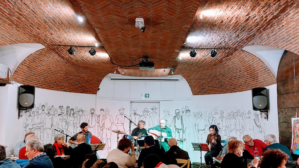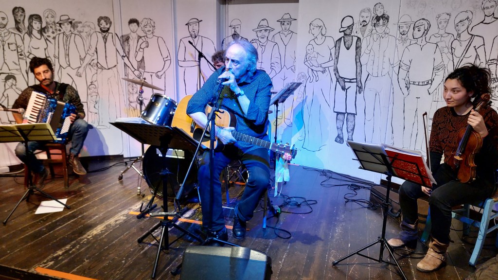 Questa dichiarazione di intenti racchiude in sé il senso dell’omaggio a Faber che Renato Franchi e l’Orchestrina del Suonatore Jones hanno reso nel loro recente concerto presso “La Tela- Osteria del Buon Essere” di Rescaldina. Il percorso della band nel riproporre il repertorio di De André insieme a quello di molti altri grandi autori, parallelamente alle proprie composizioni, è iniziato negli anni ’90 e ha visto la formazione impegnata in centinaia di serate e di progetti, molti dei quali a sfondo sociale e a tutela della memoria storica. Dal 2006 ad oggi, poi, la formazione (che in alcuni dischi ha preso il nome di “Renato Franchi & His Band”, pur avvalendosi degli stessi componenti) ha pubblicato dieci album di inediti, collaborando con ospiti prestigiosi come i Gang, Claudio Lolli, Alberto Bertoli, Fabrizio Poggi,Michele Gazich. Meritano una citazione, tra i vari lavori, Le stagioni di Anna Frank, disco ispirato dalla visita di Franchi ad Auschwitz, Con un bel nome d’avventura, dedicato alla Resistenza, e gli ultimi quattro dischi (Oggi mi meritavo il mare, 2018; InCanto, 2020; Penne e calamai, 2021, e Mi perdo e m’innamoro, di recente pubblicazione) in cui il cantautore ha esplorato prevalentemente tematiche più intimiste, descrivendo il sentimento d’amore in tutte le sue sfaccettature e ricercando serenità e bellezza nella quotidianità, nella natura, nei rapporti umani.
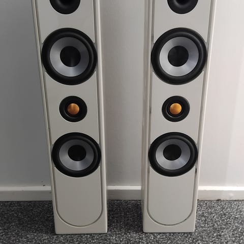 Højttaleren leverer en fyldig og velbalanceret lyd med god dybde. Den fremstår med almindelige brugsspor og ridser, men dette har ingen betydning for lydkvaliteten.
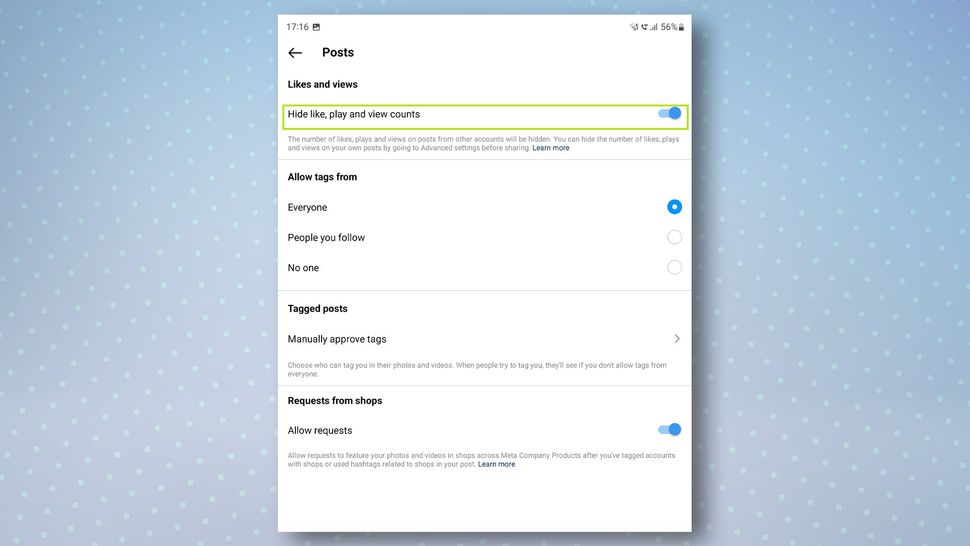 4. اضغط على زر التبديل بجوار إخفاء الإعجاب والتشغيل وعرض التهم لإخفاء إبداءات الإعجاب والمسرحيات عن الآخرين. للتراجع عن هذا ، ما عليك سوى النقر فوق زر التبديل مرة أخرى.
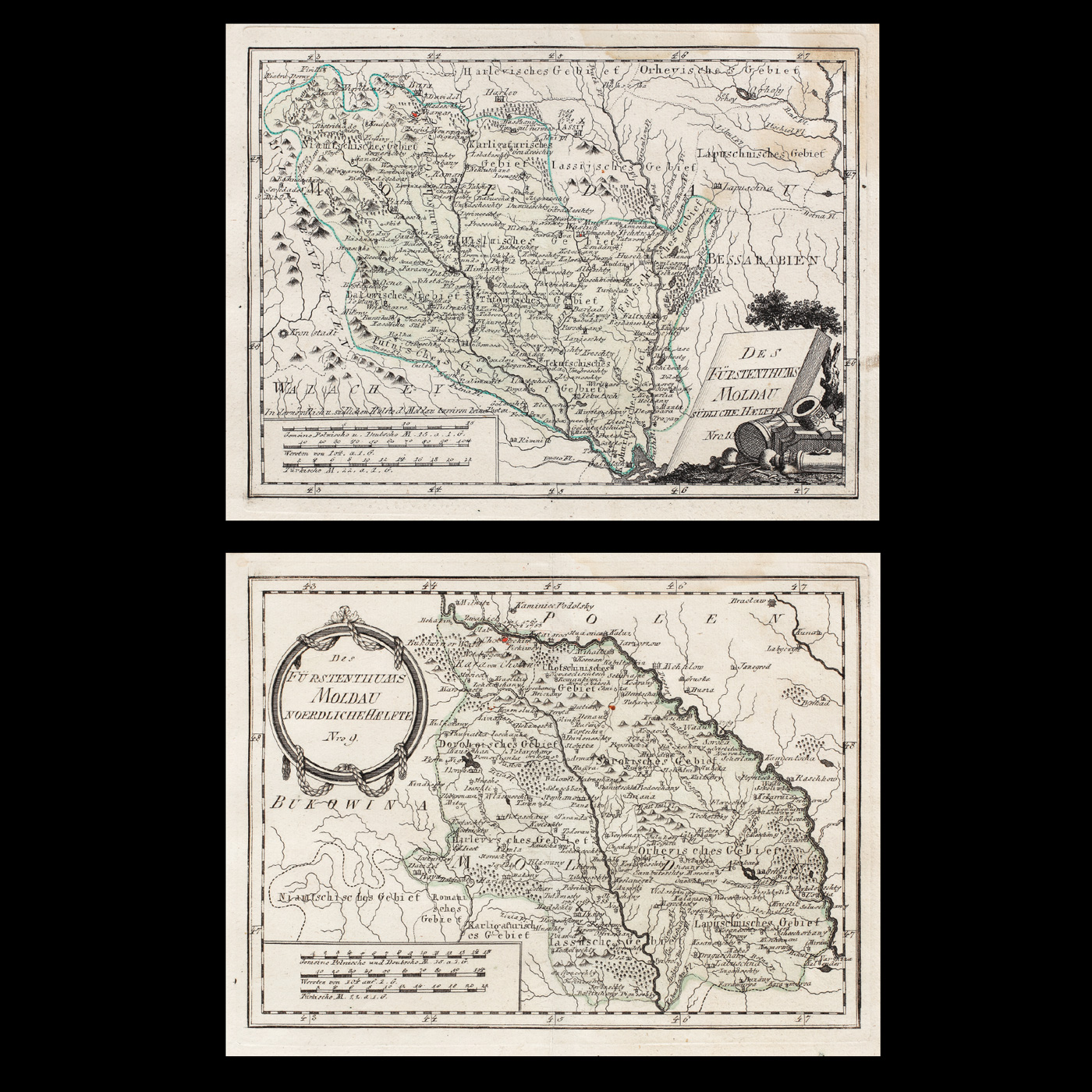 328. Lot de două hărți "Moldova de sus și Moldova de jos", de Joseph von Reilly, 1791
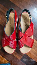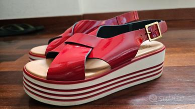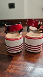 Sandali di vernice rossi, con zeppa bianca, usati una volta.
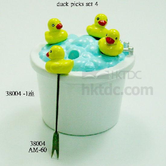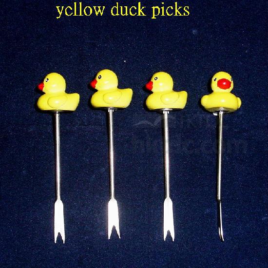 4 pcs stainelss steel picks with yellow duck design polyresin handle handle and bathtub design stand
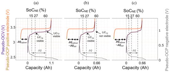 The cell’s pseudo-OCV can be reconstructed based on each electrode pseudo-OCP as presented in Figure 5a. Figure 5b,c present the impacts of the two aging scenarios that can appear in a cell: LLI and LLI + LAMNE. Their respective impacts on the negative electrode pseudo-OCP and the cell pseudo-OCV are depicted in Figure 5b,c. This reconstruction correlates the potential jumps and plateaus of the graphite electrode on the cell pseudo-Open Circuit Voltage (OCV) because of the flat profile of the pseudo-OCP of the positive electrode. The pseudo-OCP for a full-size electrode is the same as the pseudo-OCP obtained with the data collected in coin cells, taking into account a scaling factor that depends on the ratio of the surface area of the coin cell sample to that of the full cell electrode. For a fresh cell, there is an offset between the pseudo-OCVs of each electrode due to the initial formation of the SEI after cell fabrication in Figure 5. This value ΔQoffset is obtained in Section 2.2. Figure 5b displays the pseudo-OCP of both electrodes and the OCV of the cell assuming the first aging scenario with LLI only. In this case, the gap between the OCPs of the two electrodes widens. Figure 5c depicts the second aging scenario that combined aging involving both LLI and LAMNE. Here, the offset between the OCPs of the two electrodes increases in the same way as in Figure 5b. But, in Figure 5c, the spacing between the potential jumps diminishes at the same time. This is due to a shrinkage of the negative electrode pseudo-OCP. This finding is consistent with the analysis by Birkl et al. showing the impact of a drop in the quantity of exploitable graphite compared to a reference cell [18]. Depending on the aging type, certain peaks might become indiscernible in the cell’s OCV, rendering them unusable. For instance, in Figure 5b, the peak (for a state of charge of the negative electrode, SoCNE, of 60%) vanishes from the pseudo-OCV curve due to extensive aging caused by LLI.
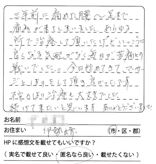 主訴:腰から足にかけての痛み 三年前に痛めた腰〜足まで 痛みが来てしまいました。あらゆる 所で治療をしていただいたけどいっこうに 良くなる気配が無く毎日が苦痛との 戦いでした。今日初めてきて、マッサージ とはりをして頂き...
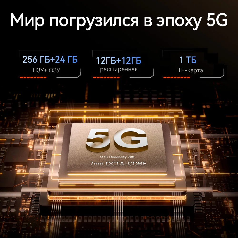 CPU: MTK Dimensity 700,Octa-Core, 7NM 2 * A76 2,2 GHz + 6 * A55 2,0 GHz
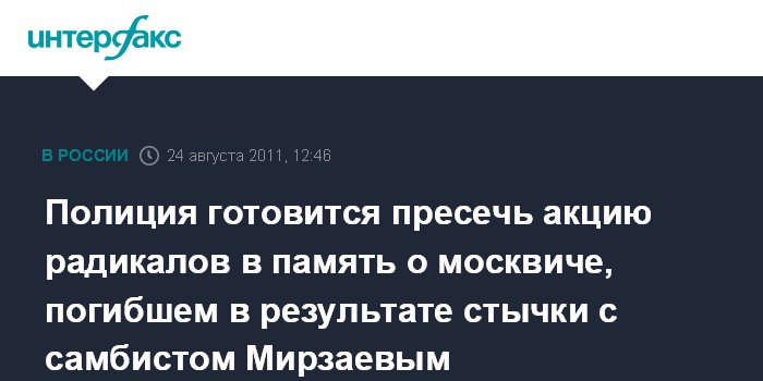 Москва. 24 августа. INTERFAX.RU - Правоохранительные органы располагают информацией о готовящейся после футбольного матча "Спартак-ЦСКА" в Москве акции группы молодежи в связи со смертью москвича Ивана Агафонова в результате конфликта чемпионом мира по смешанным единоборствам Расулом Мирзаевым.

━━━━━━━━━━━━━━━━━━━━━━━━━━━━━━

Work required:
Pictures are to be left out when the entries above are repeated exactly.

Exercise answer:
 Questa dichiarazione di intenti racchiude in sé il senso dell’omaggio a Faber che Renato Franchi e l’Orchestrina del Suonatore Jones hanno reso nel loro recente concerto presso “La Tela- Osteria del Buon Essere” di Rescaldina. Il percorso della band nel riproporre il repertorio di De André insieme a quello di molti altri grandi autori, parallelamente alle proprie composizioni, è iniziato negli anni ’90 e ha visto la formazione impegnata in centinaia di serate e di progetti, molti dei quali a sfondo sociale e a tutela della memoria storica. Dal 2006 ad oggi, poi, la formazione (che in alcuni dischi ha preso il nome di “Renato Franchi & His Band”, pur avvalendosi degli stessi componenti) ha pubblicato dieci album di inediti, collaborando con ospiti prestigiosi come i Gang, Claudio Lolli, Alberto Bertoli, Fabrizio Poggi,Michele Gazich. Meritano una citazione, tra i vari lavori, Le stagioni di Anna Frank, disco ispirato dalla visita di Franchi ad Auschwitz, Con un bel nome d’avventura, dedicato alla Resistenza, e gli ultimi quattro dischi (Oggi mi meritavo il mare, 2018; InCanto, 2020; Penne e calamai, 2021, e Mi perdo e m’innamoro, di recente pubblicazione) in cui il cantautore ha esplorato prevalentemente tematiche più intimiste, descrivendo il sentimento d’amore in tutte le sue sfaccettature e ricercando serenità e bellezza nella quotidianità, nella natura, nei rapporti umani.
 Højttaleren leverer en fyldig og velbalanceret lyd med god dybde. Den fremstår med almindelige brugsspor og ridser, men dette har ingen betydning for lydkvaliteten.
 4. اضغط على زر التبديل بجوار إخفاء الإعجاب والتشغيل وعرض التهم لإخفاء إبداءات الإعجاب والمسرحيات عن الآخرين. للتراجع عن هذا ، ما عليك سوى النقر فوق زر التبديل مرة أخرى.
 328. Lot de două hărți "Moldova de sus și Moldova de jos", de Joseph von Reilly, 1791
 Sandali di vernice rossi, con zeppa bianca, usati una volta.
 4 pcs stainelss steel picks with yellow duck design polyresin handle handle and bathtub design stand
 The cell’s pseudo-OCV can be reconstructed based on each electrode pseudo-OCP as presented in Figure 5a. Figure 5b,c present the impacts of the two aging scenarios that can appear in a cell: LLI and LLI + LAMNE. Their respective impacts on the negative electrode pseudo-OCP and the cell pseudo-OCV are depicted in Figure 5b,c. This reconstruction correlates the potential jumps and plateaus of the graphite electrode on the cell pseudo-Open Circuit Voltage (OCV) because of the flat profile of the pseudo-OCP of the positive electrode. The pseudo-OCP for a full-size electrode is the same as the pseudo-OCP obtained with the data collected in coin cells, taking into account a scaling factor that depends on the ratio of the surface area of the coin cell sample to that of the full cell electrode. For a fresh cell, there is an offset between the pseudo-OCVs of each electrode due to the initial formation of the SEI after cell fabrication in Figure 5. This value ΔQoffset is obtained in Section 2.2. Figure 5b displays the pseudo-OCP of both electrodes and the OCV of the cell assuming the first aging scenario with LLI only. In this case, the gap between the OCPs of the two electrodes widens. Figure 5c depicts the second aging scenario that combined aging involving both LLI and LAMNE. Here, the offset between the OCPs of the two electrodes increases in the same way as in Figure 5b. But, in Figure 5c, the spacing between the potential jumps diminishes at the same time. This is due to a shrinkage of the negative electrode pseudo-OCP. This finding is consistent with the analysis by Birkl et al. showing the impact of a drop in the quantity of exploitable graphite compared to a reference cell [18]. Depending on the aging type, certain peaks might become indiscernible in the cell’s OCV, rendering them unusable. For instance, in Figure 5b, the peak (for a state of charge of the negative electrode, SoCNE, of 60%) vanishes from the pseudo-OCV curve due to extensive aging caused by LLI.
 主訴:腰から足にかけての痛み 三年前に痛めた腰〜足まで 痛みが来てしまいました。あらゆる 所で治療をしていただいたけどいっこうに 良くなる気配が無く毎日が苦痛との 戦いでした。今日初めてきて、マッサージ とはりをして頂き...
 CPU: MTK Dimensity 700,Octa-Core, 7NM 2 * A76 2,2 GHz + 6 * A55 2,0 GHz
 Москва. 24 августа. INTERFAX.RU - Правоохранительные органы располагают информацией о готовящейся после футбольного матча "Спартак-ЦСКА" в Москве акции группы молодежи в связи со смертью москвича Ивана Агафонова в результате конфликта чемпионом мира по смешанным единоборствам Расулом Мирзаевым.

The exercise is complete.